● TASK: Ignoring pictures, transcribe exactly the lines between the one containing "12月31日,麥積區(qū)" and the end of the material, both included.

● DATA:

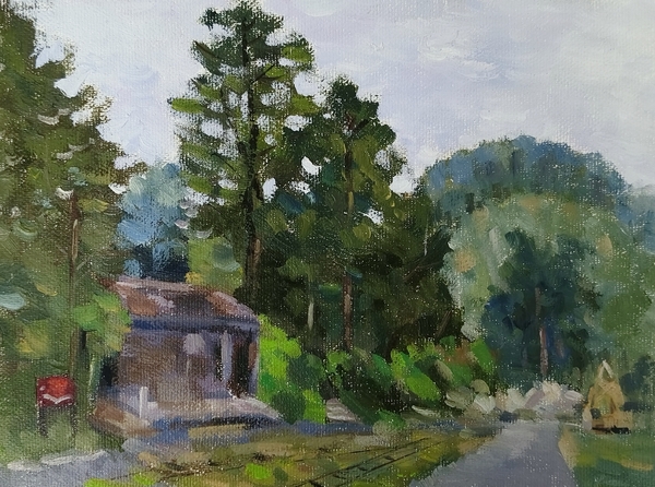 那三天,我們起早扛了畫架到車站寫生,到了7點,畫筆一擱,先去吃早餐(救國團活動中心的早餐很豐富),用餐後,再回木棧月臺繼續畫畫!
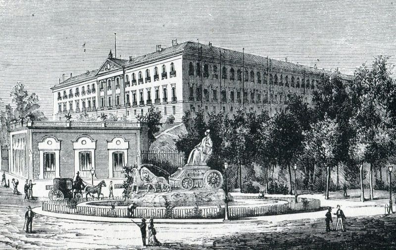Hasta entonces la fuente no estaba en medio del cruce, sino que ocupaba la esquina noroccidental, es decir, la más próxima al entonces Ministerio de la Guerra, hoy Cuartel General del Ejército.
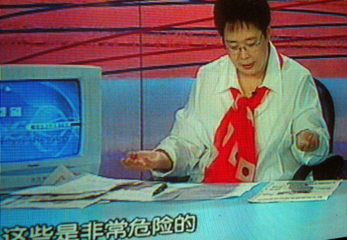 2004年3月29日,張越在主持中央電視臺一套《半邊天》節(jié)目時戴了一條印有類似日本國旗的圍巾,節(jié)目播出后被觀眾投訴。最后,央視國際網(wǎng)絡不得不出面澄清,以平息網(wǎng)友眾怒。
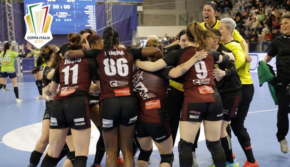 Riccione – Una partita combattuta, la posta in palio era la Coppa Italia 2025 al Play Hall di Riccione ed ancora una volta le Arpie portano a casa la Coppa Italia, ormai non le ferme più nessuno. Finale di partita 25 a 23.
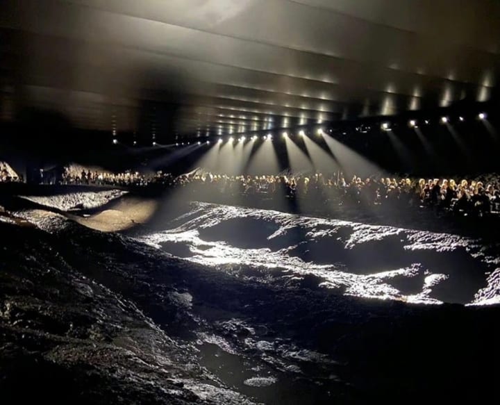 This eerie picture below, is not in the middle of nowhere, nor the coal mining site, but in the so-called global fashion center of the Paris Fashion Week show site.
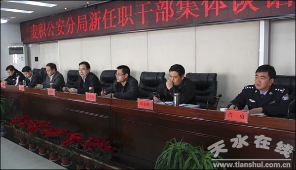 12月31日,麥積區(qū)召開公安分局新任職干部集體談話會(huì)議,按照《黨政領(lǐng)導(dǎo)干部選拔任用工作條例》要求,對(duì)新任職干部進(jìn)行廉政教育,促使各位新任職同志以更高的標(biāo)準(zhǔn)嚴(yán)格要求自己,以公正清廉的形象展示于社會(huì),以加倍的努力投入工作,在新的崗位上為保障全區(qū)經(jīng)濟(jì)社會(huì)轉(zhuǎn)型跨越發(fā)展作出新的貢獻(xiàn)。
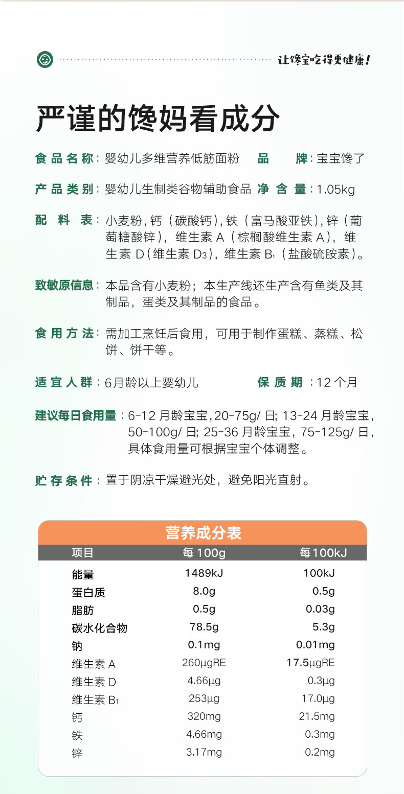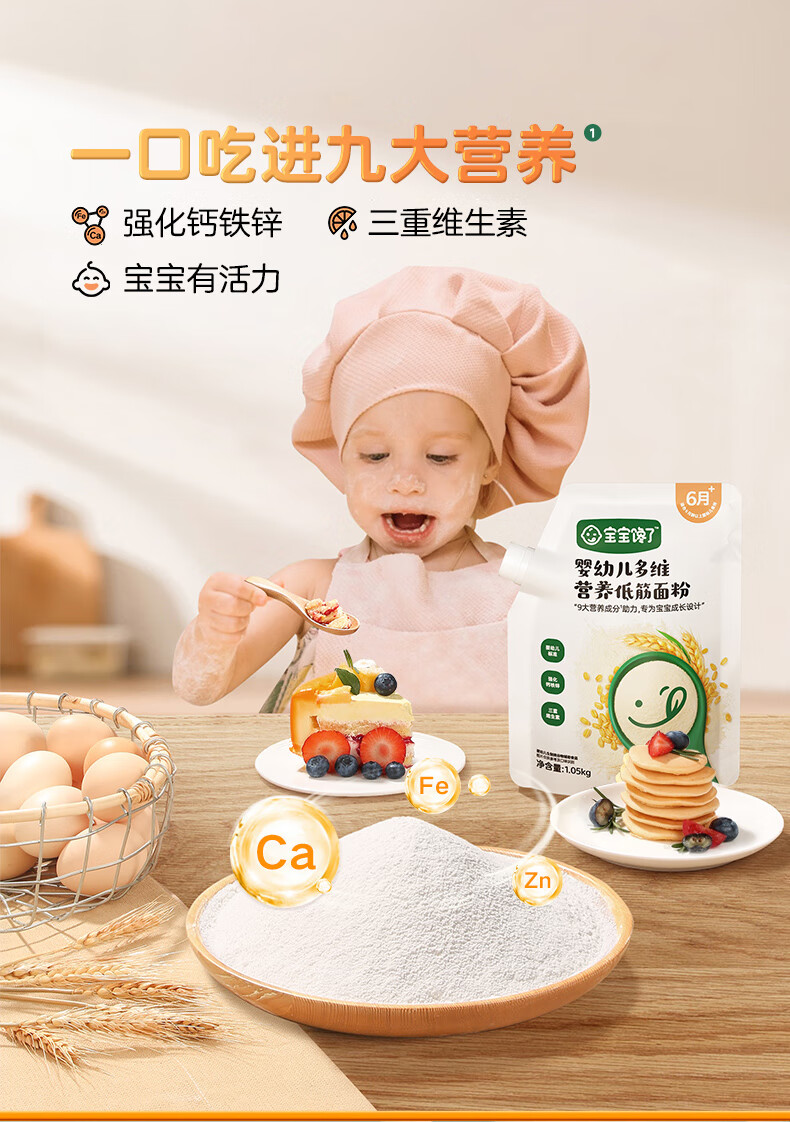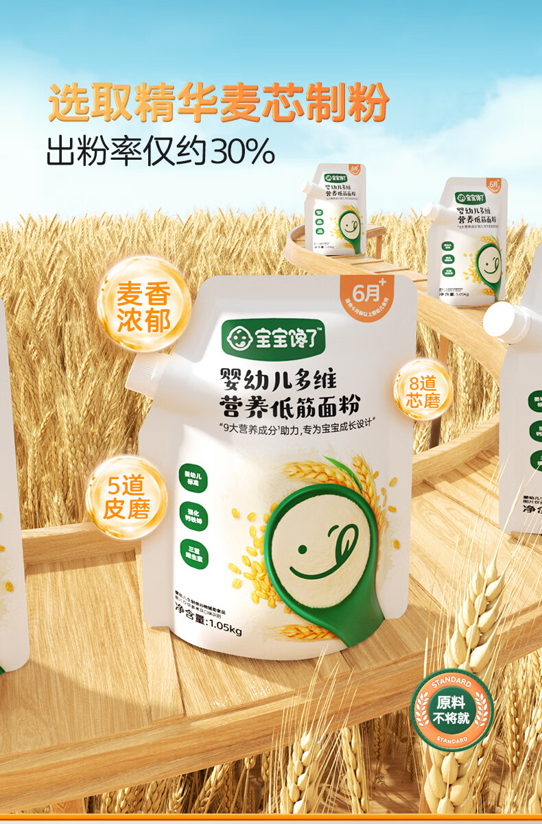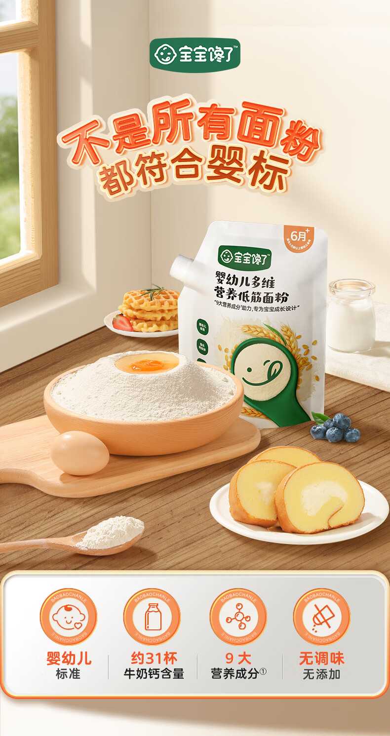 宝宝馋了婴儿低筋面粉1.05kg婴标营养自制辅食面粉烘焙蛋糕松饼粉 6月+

● ANSWER FOR THIS EXERCISE:
 12月31日,麥積區(qū)召開公安分局新任職干部集體談話會(huì)議,按照《黨政領(lǐng)導(dǎo)干部選拔任用工作條例》要求,對(duì)新任職干部進(jìn)行廉政教育,促使各位新任職同志以更高的標(biāo)準(zhǔn)嚴(yán)格要求自己,以公正清廉的形象展示于社會(huì),以加倍的努力投入工作,在新的崗位上為保障全區(qū)經(jīng)濟(jì)社會(huì)轉(zhuǎn)型跨越發(fā)展作出新的貢獻(xiàn)。
 宝宝馋了婴儿低筋面粉1.05kg婴标营养自制辅食面粉烘焙蛋糕松饼粉 6月+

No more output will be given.